- [EXERCISE AIM]: The line containing "勇者斗恶龙5全怪物图鉴及出现场所一览" marks the end: extract everything from the first line of the data through that line, exactly, with no pictures.

- [SOURCE MATERIAL]:
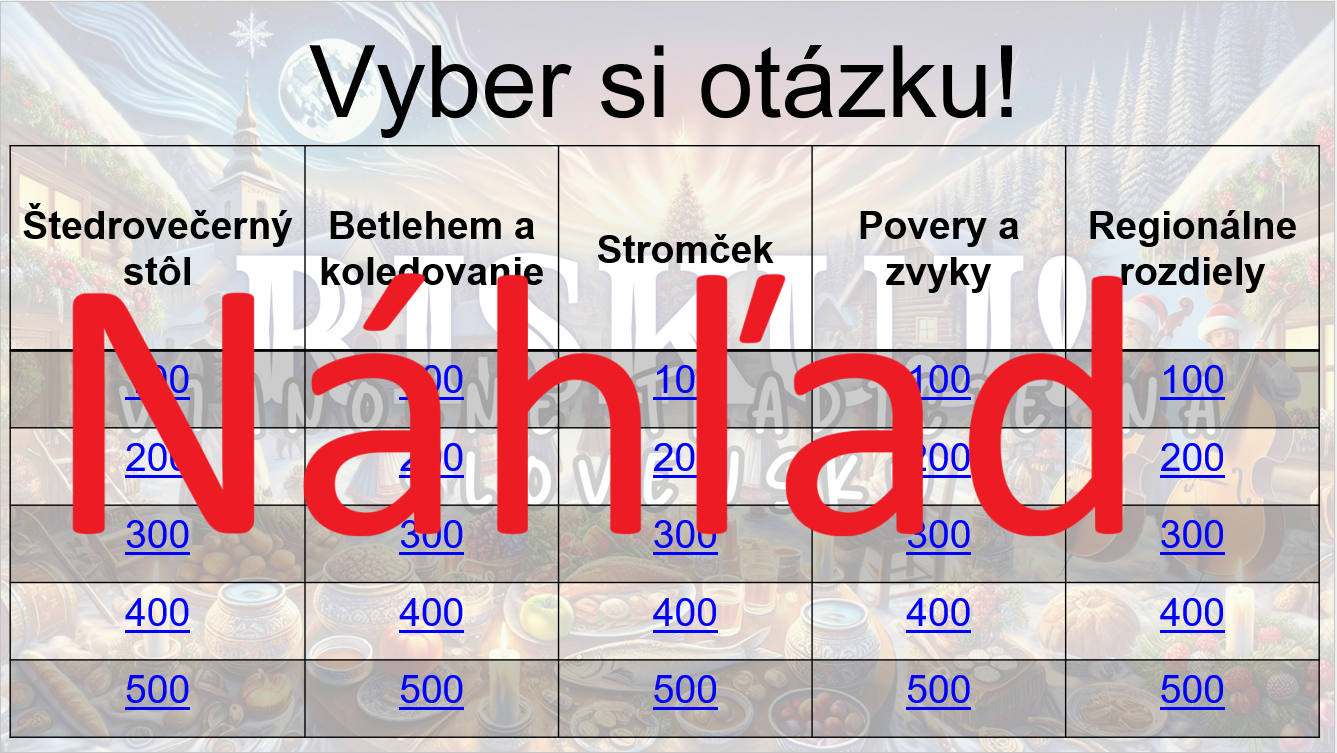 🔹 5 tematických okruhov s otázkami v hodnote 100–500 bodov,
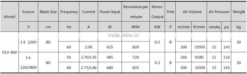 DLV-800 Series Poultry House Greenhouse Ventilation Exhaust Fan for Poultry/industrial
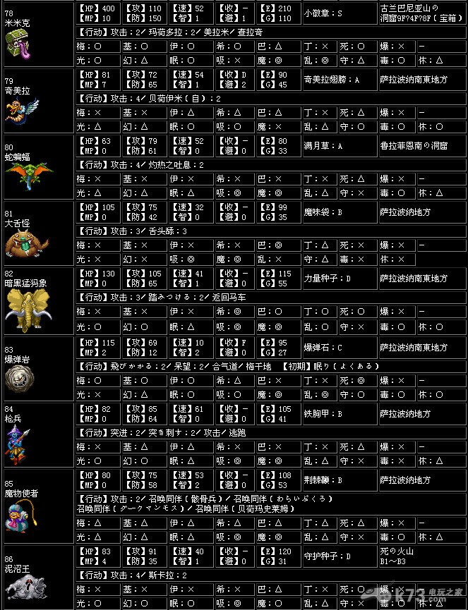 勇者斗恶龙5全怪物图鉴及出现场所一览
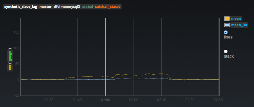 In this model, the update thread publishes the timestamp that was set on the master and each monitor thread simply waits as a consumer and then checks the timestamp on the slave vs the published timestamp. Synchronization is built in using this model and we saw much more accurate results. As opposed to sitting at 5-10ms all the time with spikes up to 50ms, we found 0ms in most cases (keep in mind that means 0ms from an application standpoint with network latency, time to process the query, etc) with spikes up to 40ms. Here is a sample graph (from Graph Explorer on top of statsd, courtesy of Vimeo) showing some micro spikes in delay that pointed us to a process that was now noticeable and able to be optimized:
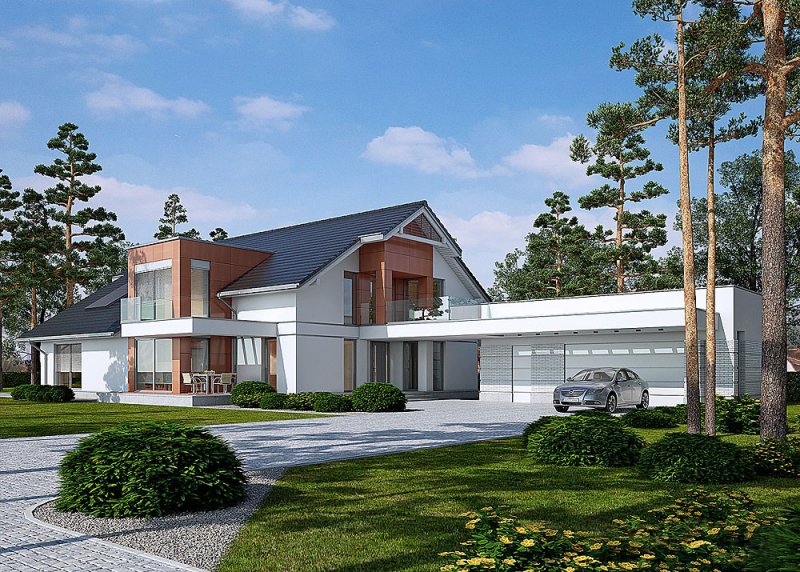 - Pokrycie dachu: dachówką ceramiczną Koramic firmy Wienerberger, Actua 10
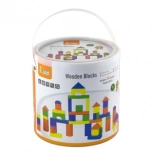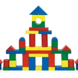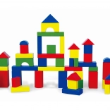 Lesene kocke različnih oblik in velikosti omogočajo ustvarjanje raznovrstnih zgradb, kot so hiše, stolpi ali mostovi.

- [WRITTEN SOLUTION]:
 🔹 5 tematických okruhov s otázkami v hodnote 100–500 bodov,
 DLV-800 Series Poultry House Greenhouse Ventilation Exhaust Fan for Poultry/industrial
 勇者斗恶龙5全怪物图鉴及出现场所一览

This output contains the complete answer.